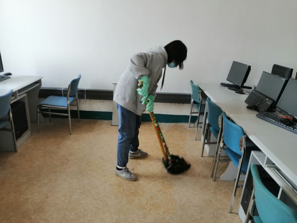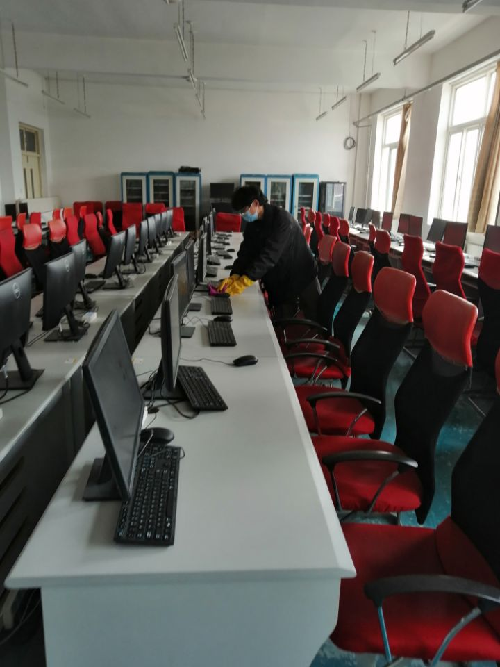 老师带领学生不怕脏、不怕累,分工有序、耐心细致的对艺术设计学院每个实训室进行全面防疫消毒。消毒区域包括电脑键盘、鼠标、实训室门、窗把手等师生经常触碰的地方,实训室地面采用84消毒液整体消毒,消毒后保证开门开窗通风30分钟。
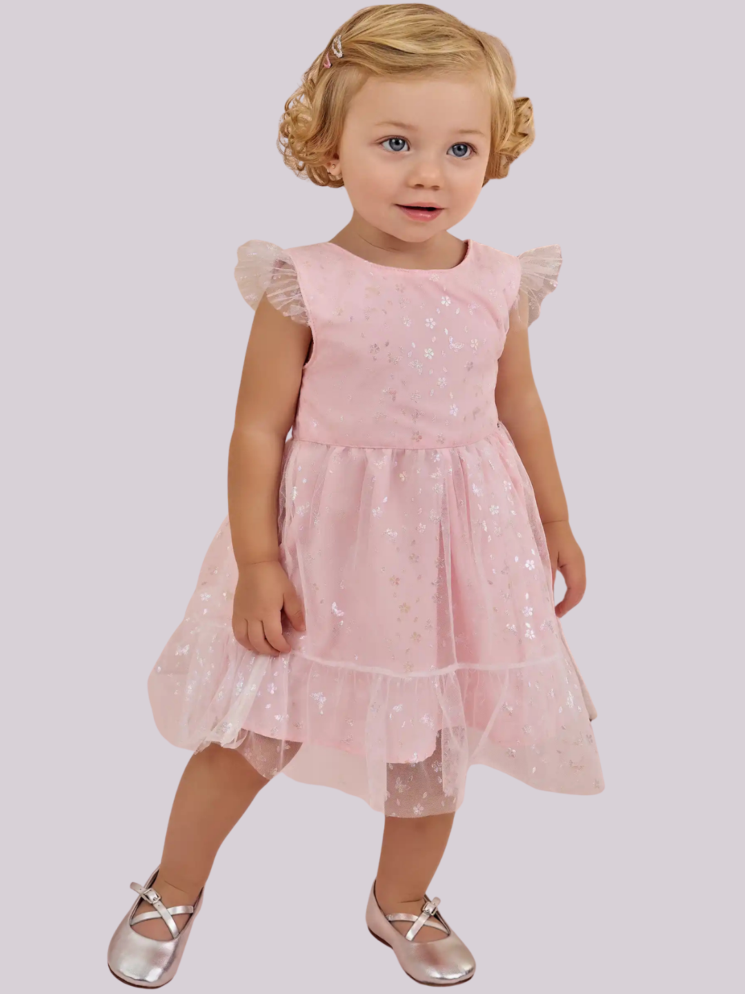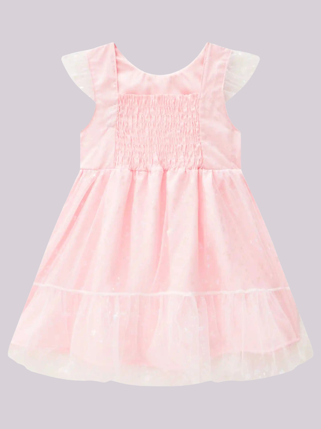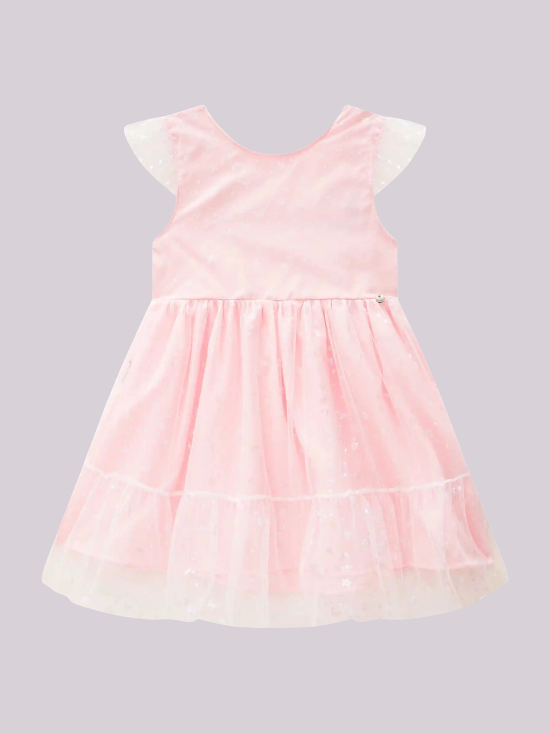 Vestido infantil rosa com sobreposição em tule e brilho delicado, leve, romântico e perfeito para ocasiões especiais.
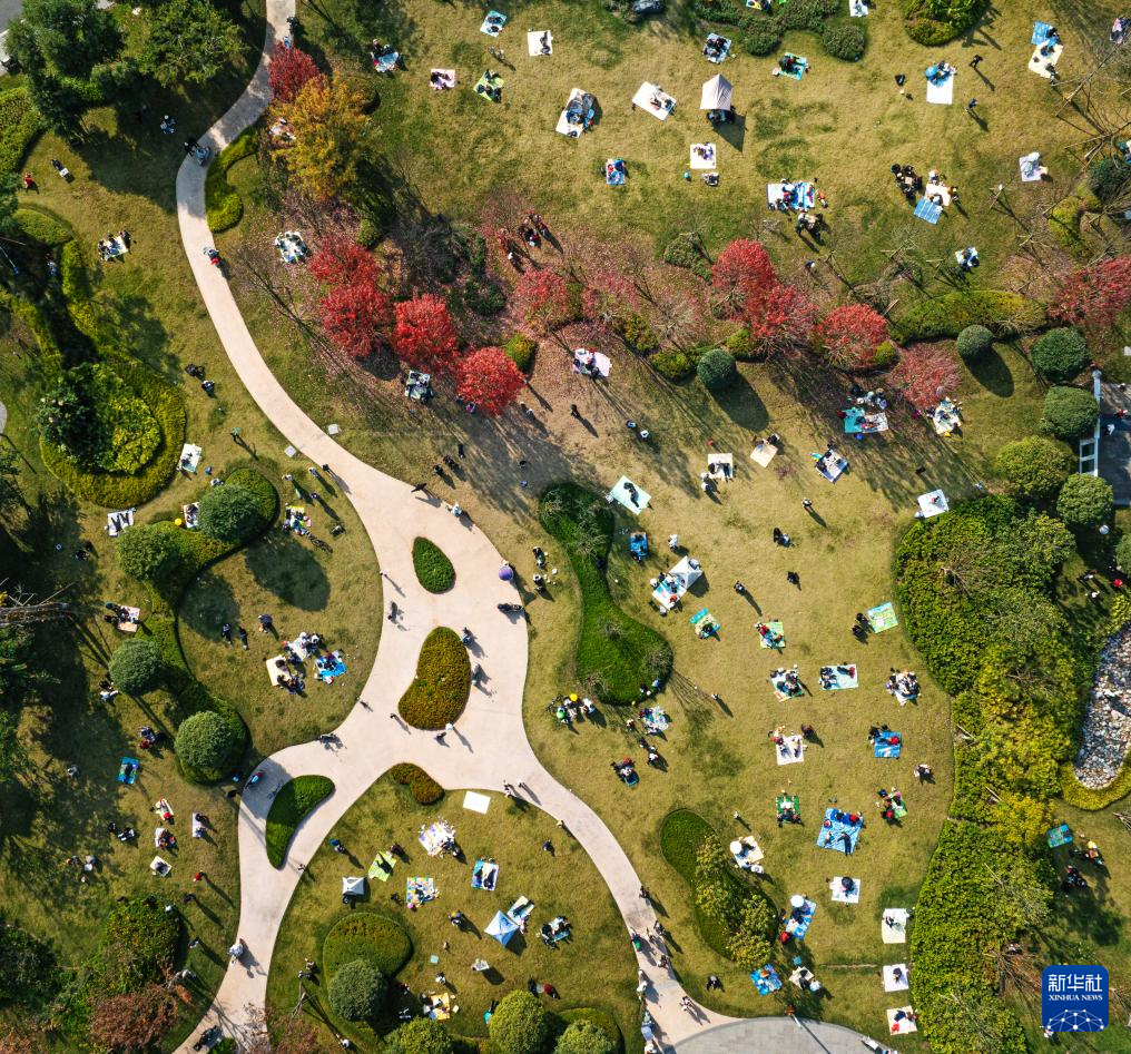 12月7日,游客在四川省乐山市市中区一公园休闲游玩(无人机照片)。新华社发(孔胜摄)

What you are asked to do: The answer should consist solely of the lines from the one containing "Vestido infantil rosa" through the last line of the material, copied exactly, with pictures left out.

Task output:
 Vestido infantil rosa com sobreposição em tule e brilho delicado, leve, romântico e perfeito para ocasiões especiais.
 12月7日,游客在四川省乐山市市中区一公园休闲游玩(无人机照片)。新华社发(孔胜摄)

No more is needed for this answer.